I'm listening to it as well, Zidane.


----------



## Paxil (Jan 1, 2003)

Listening live. Reading this thread. Doing homework. Oh yeah... and drinking a beer.


----------



## BBert (Dec 30, 2004)

This thread is my only lifeline to the game.

I left to check out some other threads, and I swear I heard crickets!

The party is right here. :banana:


----------



## SheedSoNasty (Dec 31, 2002)

Paxil said:


> Listening live. Reading this thread. Doing homework. Oh yeah... and drinking a beer.


Except for the homework part, we're doing the exact same thing right now. It's almost like we're soul mates...


----------



## BlazerCaravan (Aug 12, 2004)

I'm going to starve until half-time. Okay, we're back.

8:31 left in the half.

Telfair, is hogging the ball a little bit. Another 24 second violation.

Miles is running the floor well: got a rebound and ran the fast break, got fouled. He shot 60% FT last season. He hits both. Not bad at all. 29-26 POR.

More backcourt pressure, but SEA breaks it, and they get a foul (Mikey Moore)... but they didn't say on who. Harvey's prattling. Make it stop. Moore hits both.

Webster's baseline 3 is off. He's human, after all. Gets a rebound off of SEA's missed shot. Great interior passing on the break ends with a Miles dunk. 31-28 POR.


----------



## Blazer Freak (Jul 11, 2004)

Man I hate school..random I know, but I hate it. Other than for girls there is no reason to go. My teachers cram so much homework it isn't even funny. 

History Speech Tomorrow
Tell 2 memorized poems in Spanish infront of the class tomorrow

Prewrite due on Monday for english
Science and English Essays due next friday..and i have companie over this weekend.


BTW!


GO BLAZERS!


----------



## Miksaid (Mar 21, 2005)

Except for the beer part, we're doing the exact same thing right now. It's almost like we're soul mates...


----------



## SheedSoNasty (Dec 31, 2002)

Johan Petro didn't have his jersey on before he came in?

Weirdo.


----------



## Paxil (Jan 1, 2003)

Blazers 31 sonics 28


----------



## BlazerCaravan (Aug 12, 2004)

If you like my work, rep me, baby. My fingers are literally crackling.

Randolph misses a jumper, Evans rebounds. Evans is pretty dang good in this game -- picks, rebounds, toughness. He's mentioned a lot in this game.

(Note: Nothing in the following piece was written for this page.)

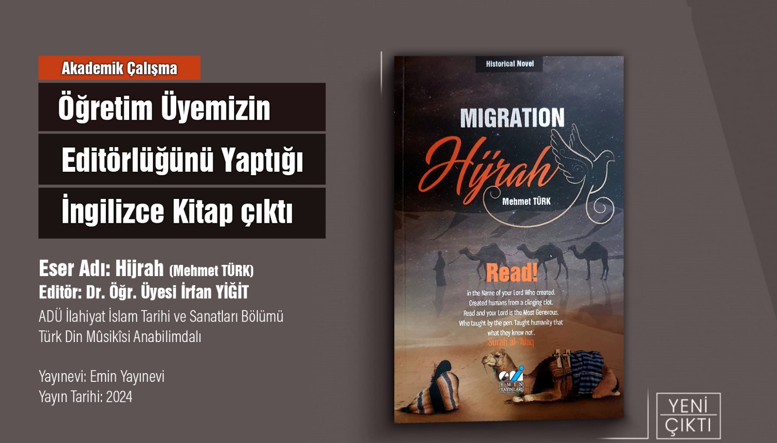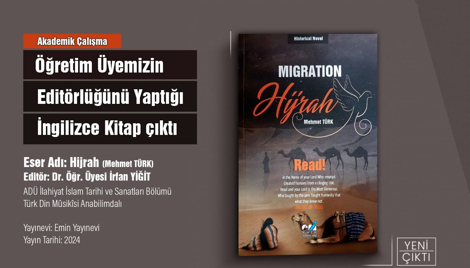 Fakültemiz İslam Tarihi ve Sanatları Bölüm Başkanı, Türk Din Musikisi Anabilimdalı Başkanı Dr. Öğr. Üyesi İrfan Yiğit'in editörlüğünü yaptığı Danimarka'da yaşayan yazar Mehmet Türk tarafından yazılan "Hijrah" isimli İngilizce kitap Emin Yayınevi tarafından yayınlandı. Kitabın yazarı Mehmet Türk ve editörü Dr. Öğr. Üyesi İrfan Yiğit hocamızı tebrik ederiz.

Ruben back in for Zach. Seattle's rookie forgot to put his jersey on when he checked in for Moore. Oops!

Allen misses a 3 -- Webster's pass to Telfair hits him in the back. Sheed laughs. Oops.

Lewis loses the ball, fast break, Webster's shot blocked by SEA's rook, but Webster gets it back. Evans lost the rebound from Miles's miss, but there's only 2 on the shot clock. Joel's coming back in, I believe. Time out.


----------



## BlazerCaravan (Aug 12, 2004)

They nickname Harvey "'Tone"

Webster's turnaounrd at the shotclock buzzer is off, but Petro had Przybilla in a headlock, so it's a foul.

A play's happening, but Wheels is talking about something else. Fifth team foul for SEA, Miles will shoot. Lewis commits 3rd foul. Miles misses both. UGH!

More pressure, Evans clears out on the SEA miss.

Miles misses a jumper, Ridnour rebounds. He's doing okay, too. Allen versus Patterson. Joel went to help, got called for a foul. Ridnour hits a jumper top of the key. 31-30 Blazers.

Telfair gets another foul on Evans (3rd foul). Evans is mad. Telfair makes 1st, Miles gets rebound on second! Nice job. Webster misses a 22ft jumper.


----------



## Fork (Jan 2, 2003)

Blazer Freak said:


> Man I hate school..random I know, but I hate it. Other than for girls there is no reason to go. My teachers cram so much homework it isn't even funny.
> 
> History Speech Tomorrow
> Tell 2 memorized poems in Spanish infront of the class tomorrow
> ...


No worries. 

Once you hit the workforce, it's smooth sailing. You won't have to do ANYTHING but sit areound and watch hoops in the evening.


----------



## BlazerCaravan (Aug 12, 2004)

Przybilla geta foul battling with Evans. Those two will go 4 rounds tonight. Evans misses the first, makes the 2nd. 32-31 POR.

Telfair carries the ball. This isn't And1, kids. 10 Blazer turnovers already, 6 this quarter! UGH!

Rashard Lewis scores -- 33-32 SEA. Telfair is being Damon: penetrating, missing shots. I'm not terribly impressed. Miles misses a Webster pass. Webster's done that a couple of times. SEA scores in the chaos, even though Przy makes another block.

2:48 left 35-32 SEA. Timeout (20sec)... but there's a commerical anyway. That's lame.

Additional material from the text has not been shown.